Each line in the material below, starting at the one with "在過去六屆環法大賽前,岩士唐" and ending at the one with "(总)一霖家纺 2025新款", is to be reproduced exactly; no picture is to be copied.

-- Data records follows --

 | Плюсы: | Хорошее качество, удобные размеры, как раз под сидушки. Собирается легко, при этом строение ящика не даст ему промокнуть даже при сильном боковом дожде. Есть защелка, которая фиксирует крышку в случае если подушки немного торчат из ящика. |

-- Data records concluded --
-- Data records follows --

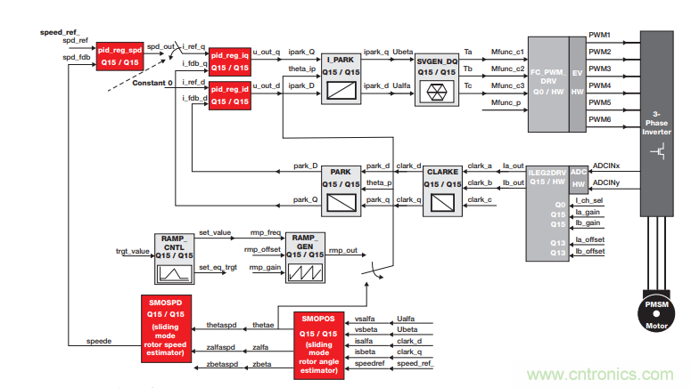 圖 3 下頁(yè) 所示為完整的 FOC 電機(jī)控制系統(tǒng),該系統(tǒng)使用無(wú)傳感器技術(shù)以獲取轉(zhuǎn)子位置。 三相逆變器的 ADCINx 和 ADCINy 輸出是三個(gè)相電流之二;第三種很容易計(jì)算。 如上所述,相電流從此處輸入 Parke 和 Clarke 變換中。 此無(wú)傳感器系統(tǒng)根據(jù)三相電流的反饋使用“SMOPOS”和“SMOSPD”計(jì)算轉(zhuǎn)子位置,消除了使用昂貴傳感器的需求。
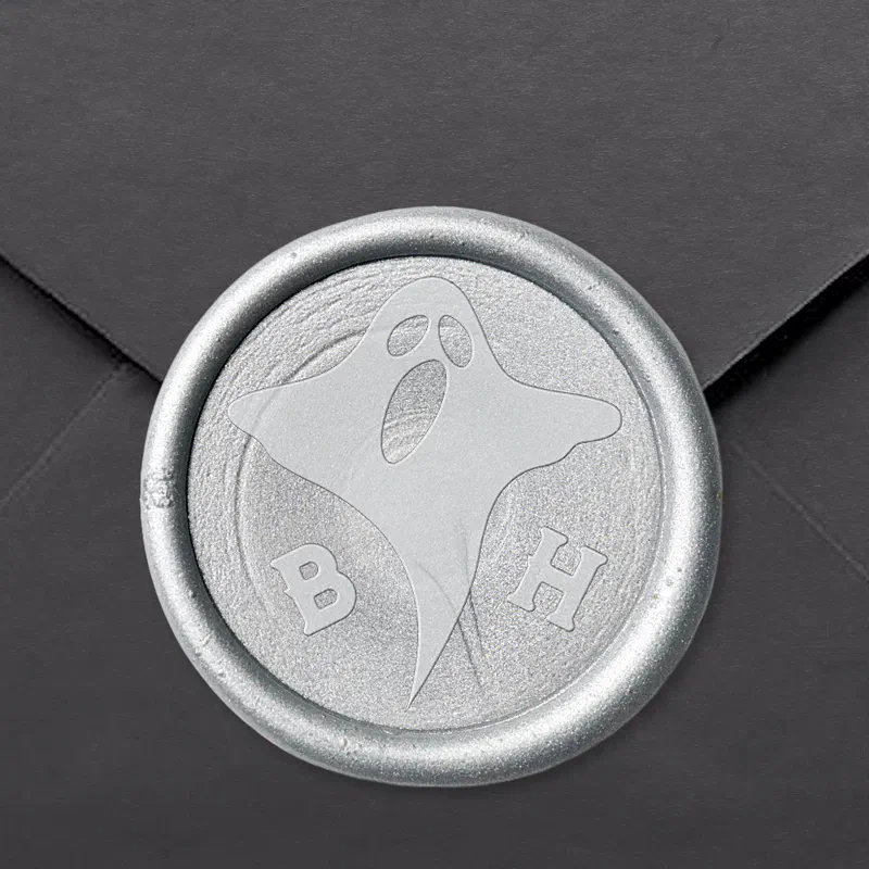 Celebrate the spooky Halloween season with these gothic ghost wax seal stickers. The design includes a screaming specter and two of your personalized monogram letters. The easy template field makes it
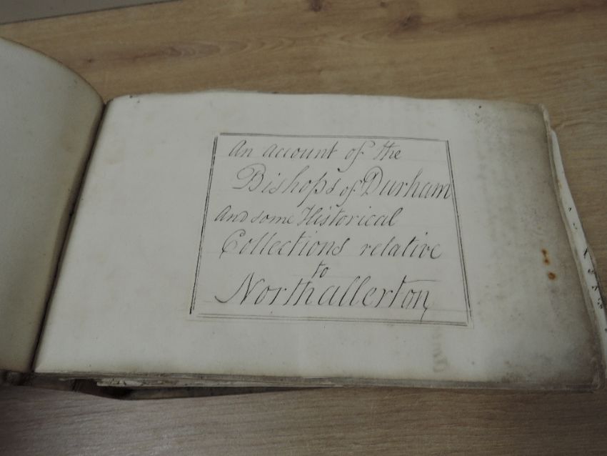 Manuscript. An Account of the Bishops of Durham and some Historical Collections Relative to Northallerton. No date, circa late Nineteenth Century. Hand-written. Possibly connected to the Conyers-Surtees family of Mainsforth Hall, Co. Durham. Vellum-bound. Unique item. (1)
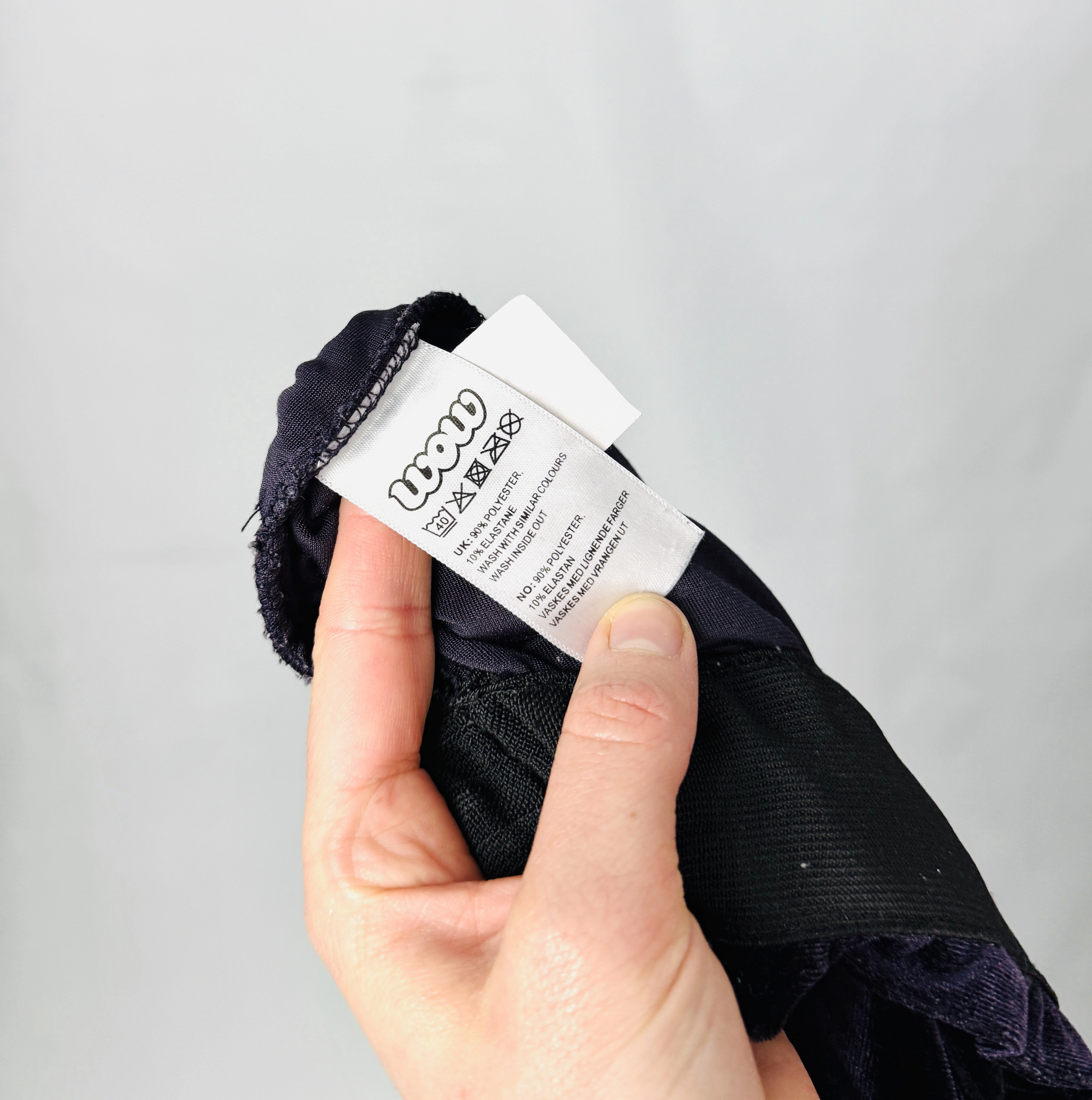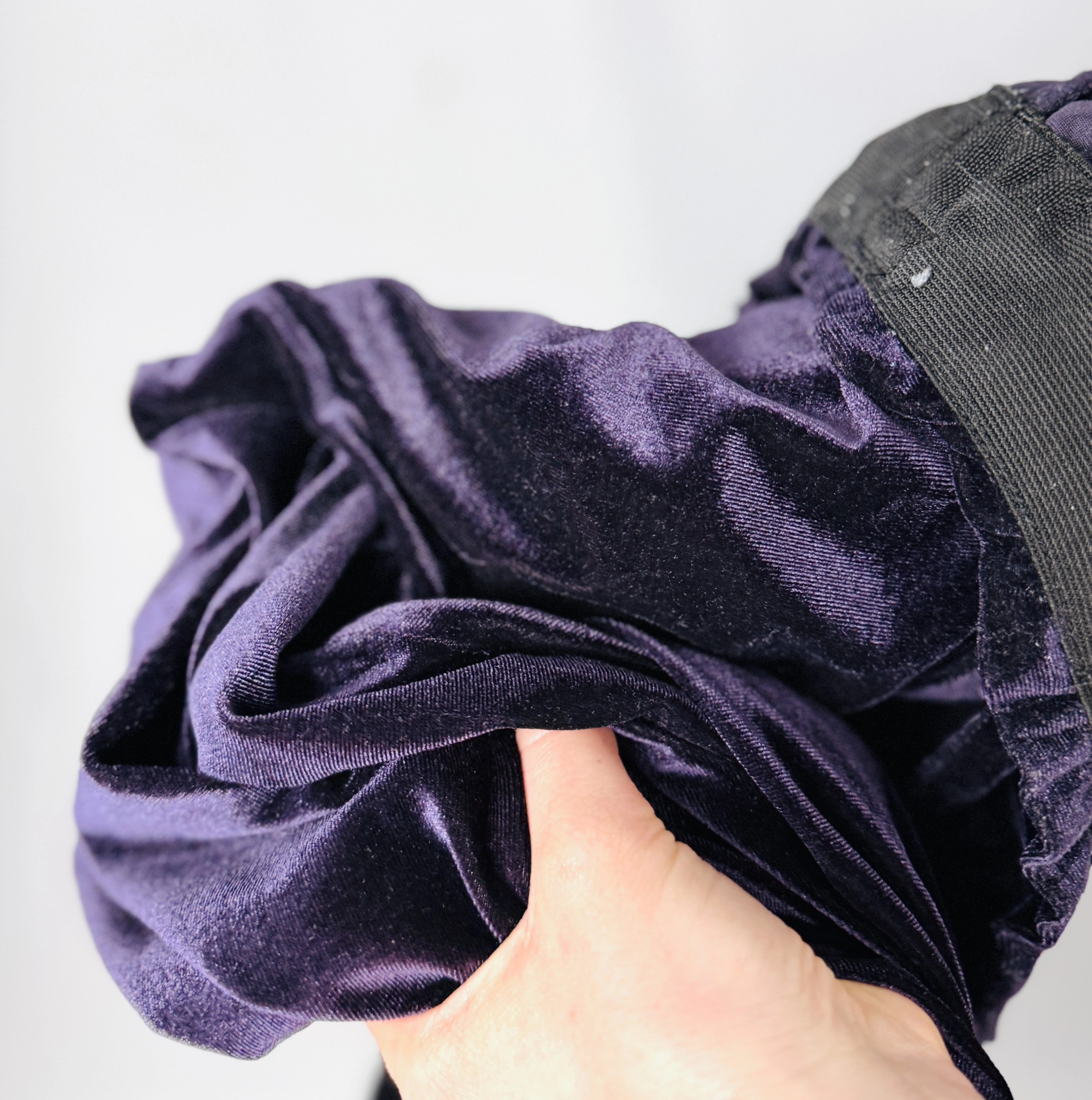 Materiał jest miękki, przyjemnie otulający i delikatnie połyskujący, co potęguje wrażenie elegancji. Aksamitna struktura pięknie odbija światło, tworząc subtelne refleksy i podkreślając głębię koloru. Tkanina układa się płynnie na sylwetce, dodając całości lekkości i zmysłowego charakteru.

-- Data records concluded --
-- Data records follows --

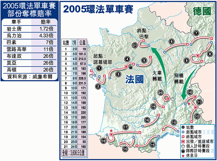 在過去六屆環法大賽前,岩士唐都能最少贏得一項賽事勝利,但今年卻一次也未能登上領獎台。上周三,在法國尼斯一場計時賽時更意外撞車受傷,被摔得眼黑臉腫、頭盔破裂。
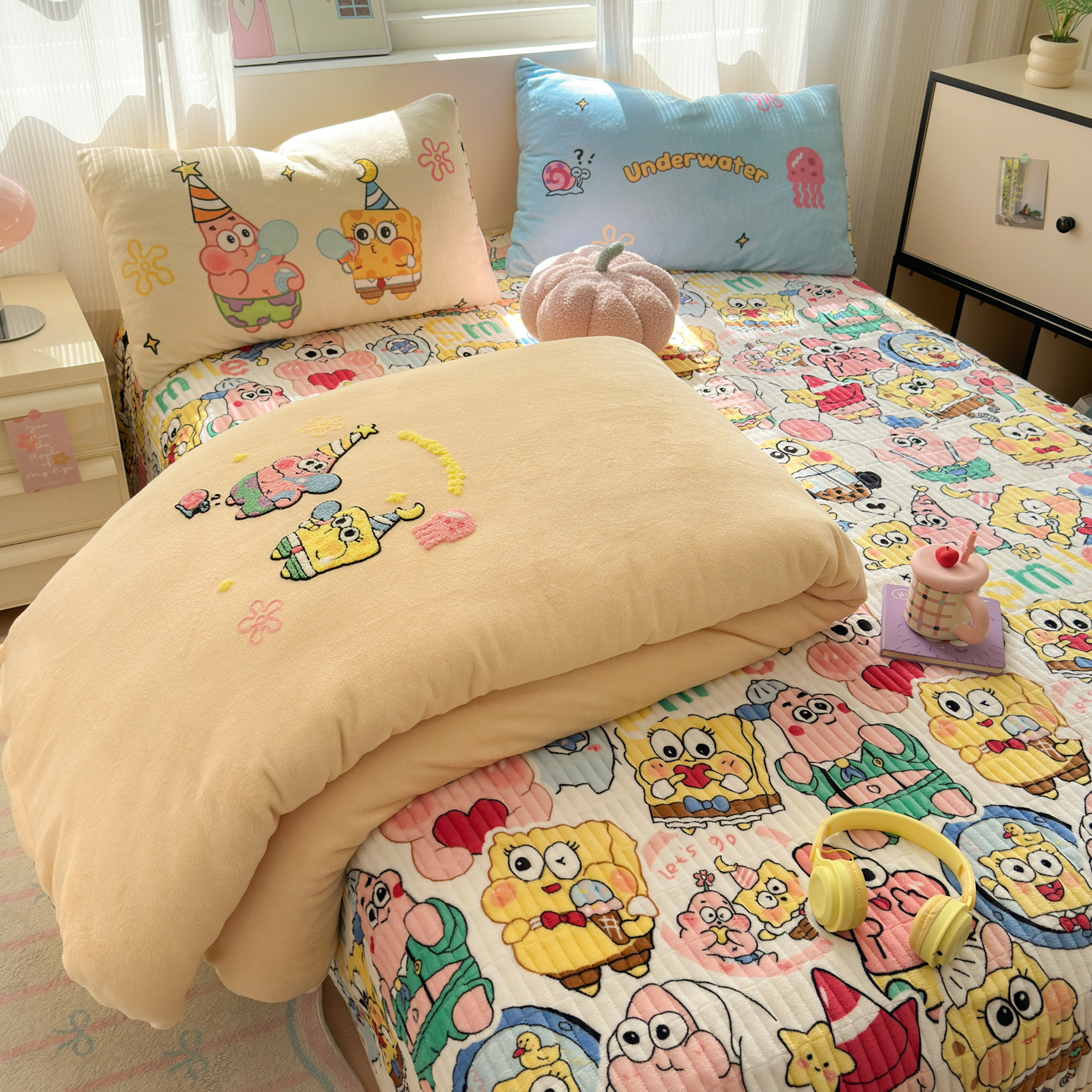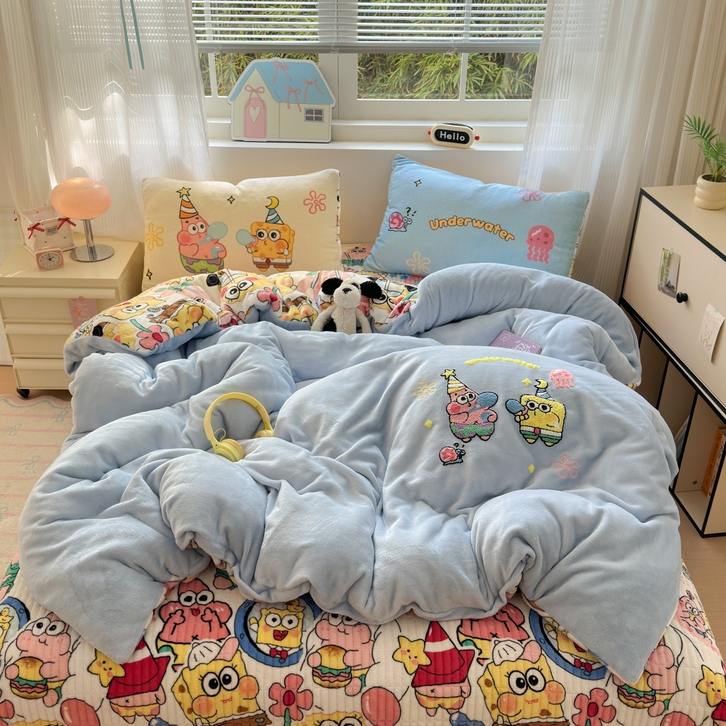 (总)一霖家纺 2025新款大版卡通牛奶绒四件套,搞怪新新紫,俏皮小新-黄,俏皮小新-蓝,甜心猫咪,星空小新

-- Data records concluded --

### Written response
 在過去六屆環法大賽前,岩士唐都能最少贏得一項賽事勝利,但今年卻一次也未能登上領獎台。上周三,在法國尼斯一場計時賽時更意外撞車受傷,被摔得眼黑臉腫、頭盔破裂。
 (总)一霖家纺 2025新款大版卡通牛奶绒四件套,搞怪新新紫,俏皮小新-黄,俏皮小新-蓝,甜心猫咪,星空小新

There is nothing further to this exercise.